The old man was silent for a long time, staring into the pool as if he could see more than blackness there. At last he stood up stiffly. “I thank you, lady, for your words. I must return to my country now; I have been gone too long already.”

“You will find your people safe and happy and eager to greet you.”

“And the fathers of the eligible girls the most eager of all?”

“Undoubtedly.”

He bowed. “Well, I know, at least, which ones will be disappointed.”

The Seer inclined her head. “That is the first step, O prince.”

He turned and strode down the tunnel that led to sunlight, his step firmer than his voice and bearing would have suggested. Outside, his train waited, horses and men sweating in the heat of the day; the caravan was lighter by a chest of gold than when it had arrived. The chest lay at the Seer’s feet, half buried in the sand. She had not bothered to open it and verify the contents—she needed neither sight nor smell nor touch of the coins to know they were sufficient.

“You may come out from behind the door now, lads,” she said.

Rather sheepishly, they emerged. “We meant no discourtesy,” Cray began. “We were only very curious, lady.”

“And who would not be?” she said, smiling at them. “You think I took no account of that when I offered you my hospitality? Youth is all curiosity, is it not, Cray?”

“I suppose that must be true

if I am any sample, lady.”

“And from your listening at the door, Cray—what have you learned?”

“That you are wise as well as skilled in your art. But I think I knew that already.”

One of her eyebrows arched, white against her pale flesh. “At my age, I take that as my due, not as flattery. And you, Master Feldar— what say you?”

Sepwin grinned. “That a Seer must know which questions to answer and which to turn aside with a deft hand.”

She trailed four fingers in the water, and ripples spread outward from them on the dark surface. “A Seer must know which are the true questions,” she said, “and which are those best left unanswered. I gave the prince what he needed, no more.”

“You gave him advice,” insisted Sepwin, “that he could have found closer to home, and for less gold.”

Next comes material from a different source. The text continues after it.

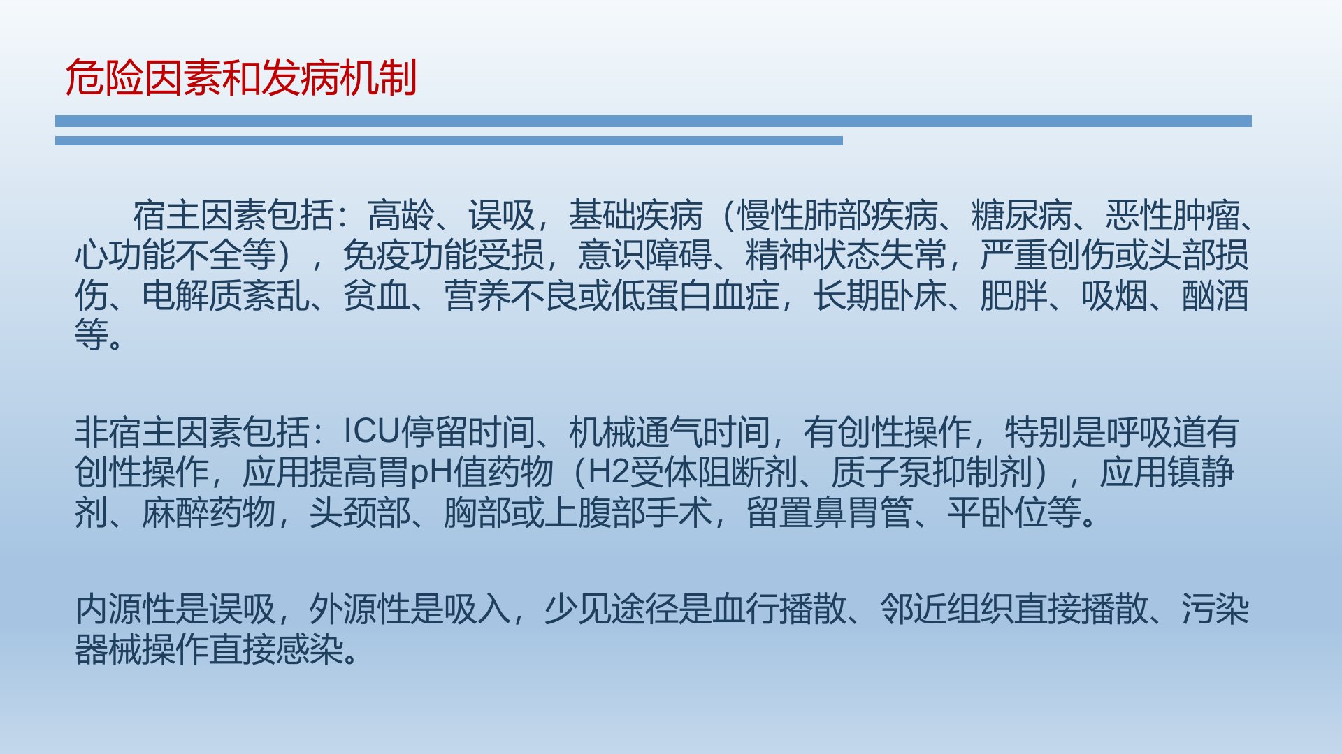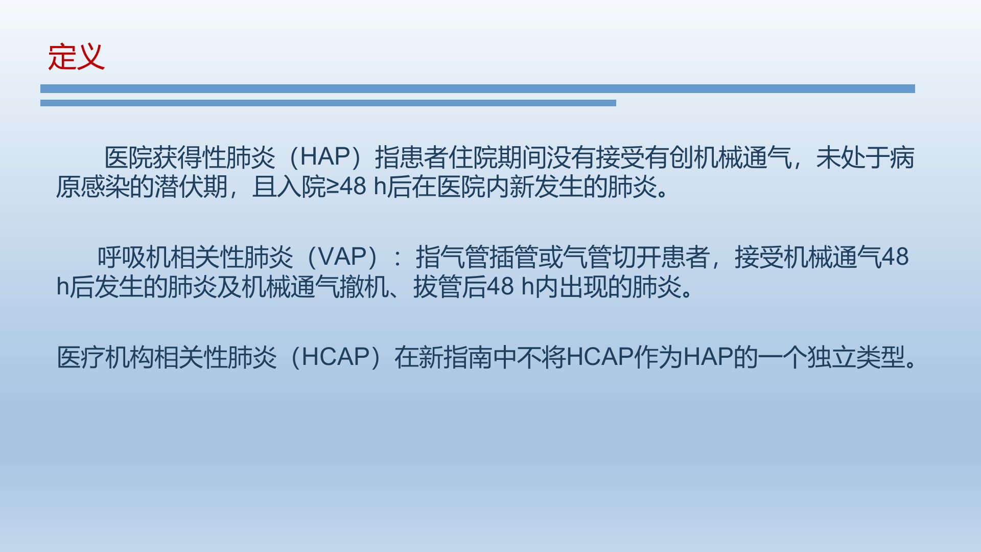 医院获得性肺炎(HAP)指患者住院期间未处于病原感染潜伏期且入院48h后新发的肺炎。呼吸机相关性肺炎(VAP)指气管插管等患者接受机械通气48h后或撤机、拔管48h内出现的肺炎。医疗机构相关性肺炎(HCAP)不再作为HAP独立类型。危险因素分宿主与非宿主因素前者包括高龄、基础疾病等后者涵盖ICU停留时间、有创操作等。我国HAP、VAP病原谱与国外不同首位是鲍曼不动杆菌且多重耐药情况有变化。临床诊断以表现、影像学检查为依据肺超声有助诊断。诊疗思路为判断诊断、安排病原学检查、及时经验性抗感染治疗、动态评估、失败再评估。对于疑似HAP(非VAP)患者建议根据微生物学培养结果治疗使用临床标准而非生物标记物等启动抗生素治疗。初始治疗应根据本地耐药数据指导建议定期制作当地抗菌谱经验性治疗依病原菌分布和药敏选择。特殊病原菌感染有不同用药建议治疗疗程上HAP建议7天且建议抗菌治疗降阶梯。

She fixed him with her eyes, a strong, steady gaze. “Do you think he would have listened, closer to home? He will choose well enough without my help. He is a lucky man, leaving his people in good hands. I have read other futures that were not so bright.”

“I wouldn’t call his future bright—to die before his children are grown.”

“But now,” said Cray, “at least he knows he’ll live to beget them.”

“Just so,” said the Seer.

Sepwin shivered suddenly. “Death,” he said. “That’s what you see in every person who comes to you. At the end of the path, after all the twists and turns, the good fortune and bad—death.”